WORK REQUEST: Every line below from the one with "مدينةكم بالتشجيع والتأييد" through the one with "Найди меня среди кукол" should be retyped exactly, both ends included; no other lines and no pictures.
##### INFORMATION
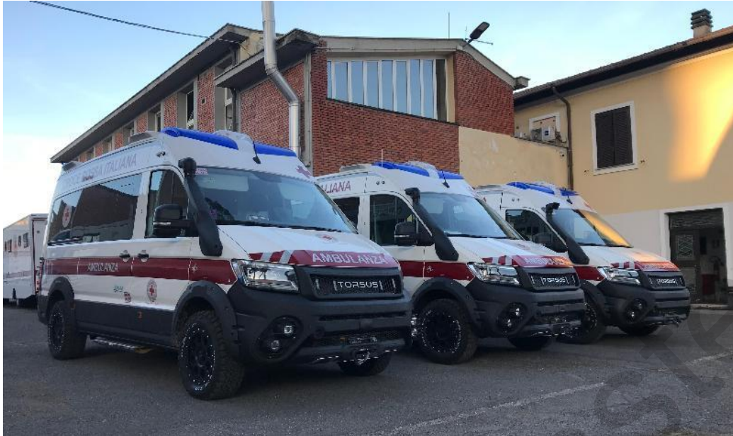
Εικόνα 5.25. Ειδικά ασθενοφόρα για διάσωση από πλημμύρες.
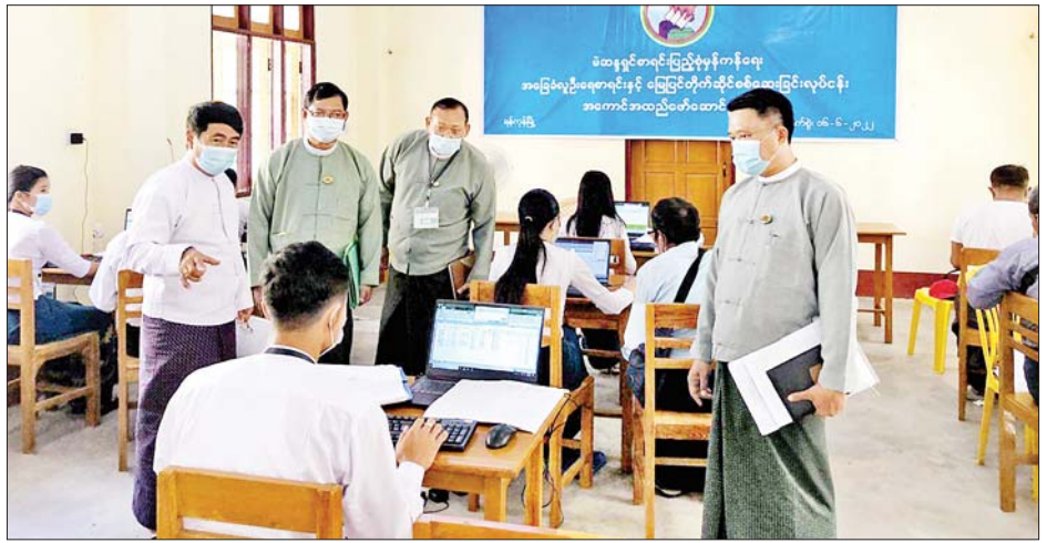
၁၁ ဦးဖြင့် အခြေပြုဆောင်ရွက်လျက်ရှိကြောင်းနှင့် များ၏မဲစာရင်းအခြေခံ လူဦးရေစာရင်းများကို လက်ရှိရွှေပြည်သာနှင့် ဒဂုံမြို့သစ်(တောင်ပိုင်း) မြို့နယ် စစ်ဆေးလျက်ရှိကြောင်း သိရသည်။ သတင်းစဉ်

အဆိုပါအခြေခံလူဦးရေစာရင်း မြေပြင်တိုက်ဆိုင် စစ်ဆေးခြင်းကို ပြည်ထောင်စုနယ်မြေမှ ထုတ်နုတ် ဝန်ထမ်းအင်အား ၆၀၊ ရန်ကုန်တိုင်းဒေသကြီးမှ ထုတ်နုတ်ဝန်ထမ်းအင်အား ၅၁ ဦး၊ ပေါင်းဝန်ထမ်း
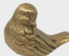
1407 – Lys bronse 1407/M – Mørkere Høyde 5,5 cm, bredde 4,5 cm
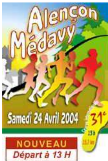
Fred – Médavy 2003
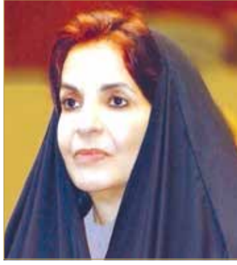
سمو قرينة ملك البلاد المعظم

وأكدت سمو الشيخة حصة بنت خليفة بن حمد آل خليفة أن المجلس الأعلى للمرأة أضاف إلى انطلاقة المرأة أبعادا أخرى متجددة، ويسعى إلى تجسيد
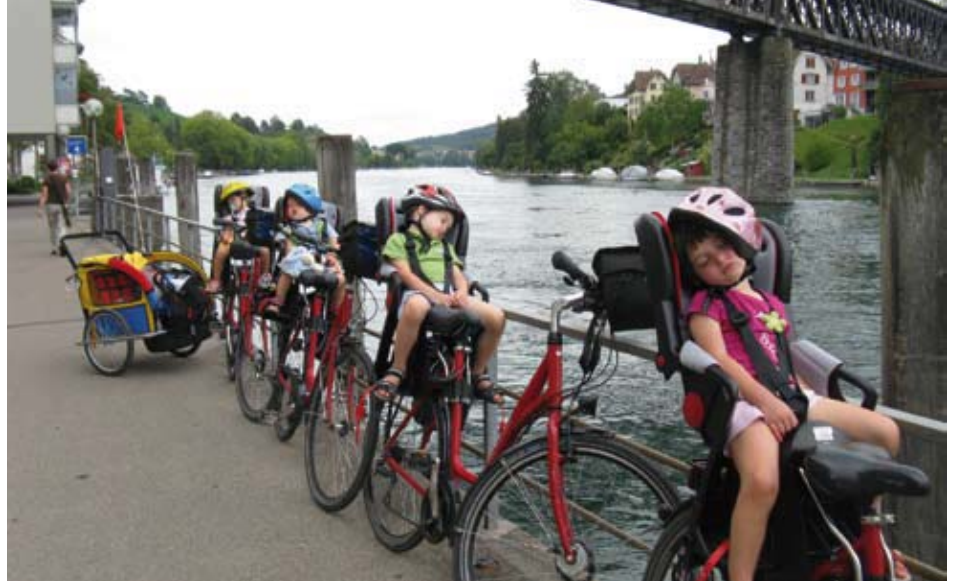
Una vacanza decisamente rilassante

Al primo cavalcavia sperimentiamo una rampa di accesso per le bici che, con una dolce salita a spirale, ti consente di affrontare il ponte senza fatica. Incredibile!
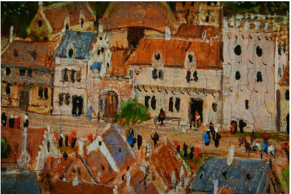
La Vierge du chancelier Rolin (détail)

De l'infiniment grand à l'infiniment petit
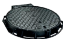
MAXUM OL 800

Idéal pour les réfections de voirie avec un encombrement réduit. Hauteur totale de 75 mm.
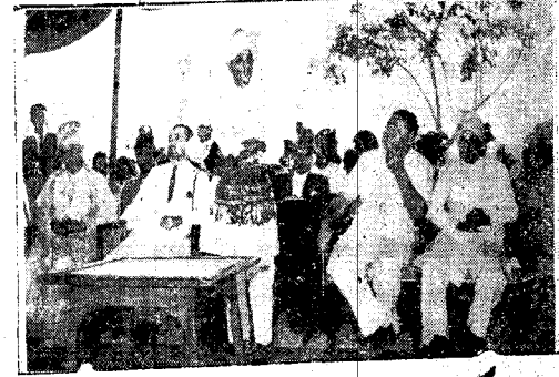
سلطان لحج يخاطب بين الجبر سيجر الى اليمن والمتر ولس الى اليسار

مدينةكم بالتشجيع والتأييد والولاء ، وذلك كله يحفزنى على ان اكرس كافة جهودى لامدادكم واعمل دائماً وابدأ اصالح البلاد وسلاحيكم . . وانى كما عاهدتمونى على الطاعة والولاء ، لأعاهدكم على العمل الدائب في سبيل الاصلاح ، وعلى الحكومة البريطانية فقد التى بالبرية . لقاء
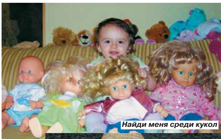
Найди меня среди кукол
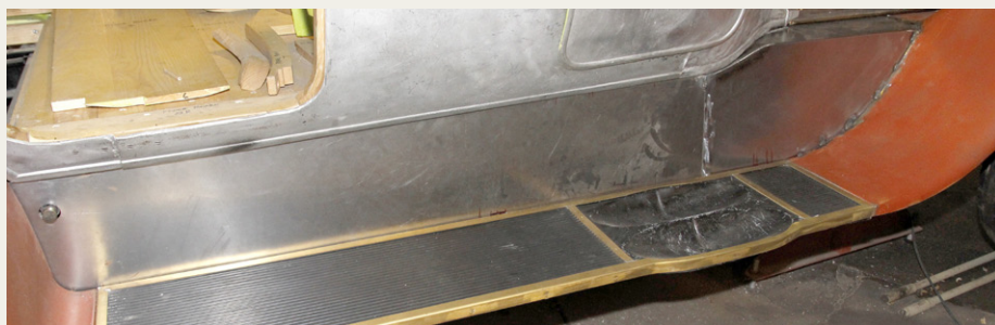
Her er et af de fire sideskorter, som for øjeblikket er under opbygning og tilpasning.

Der er nu gået et år siden den sidste beretning fra Bent, og når vi kommer ind i værkstedet til de to store Pierce Arrow'er, kunne man umiddelbart godt få det indtryk, at der ikke er sket en hel masse siden sidst, men når man kigger nærmere
##########
EXERCISE ANSWER:
مدينةكم بالتشجيع والتأييد والولاء ، وذلك كله يحفزنى على ان اكرس كافة جهودى لامدادكم واعمل دائماً وابدأ اصالح البلاد وسلاحيكم . . وانى كما عاهدتمونى على الطاعة والولاء ، لأعاهدكم على العمل الدائب في سبيل الاصلاح ، وعلى الحكومة البريطانية فقد التى بالبرية . لقاء
Найди меня среди кукол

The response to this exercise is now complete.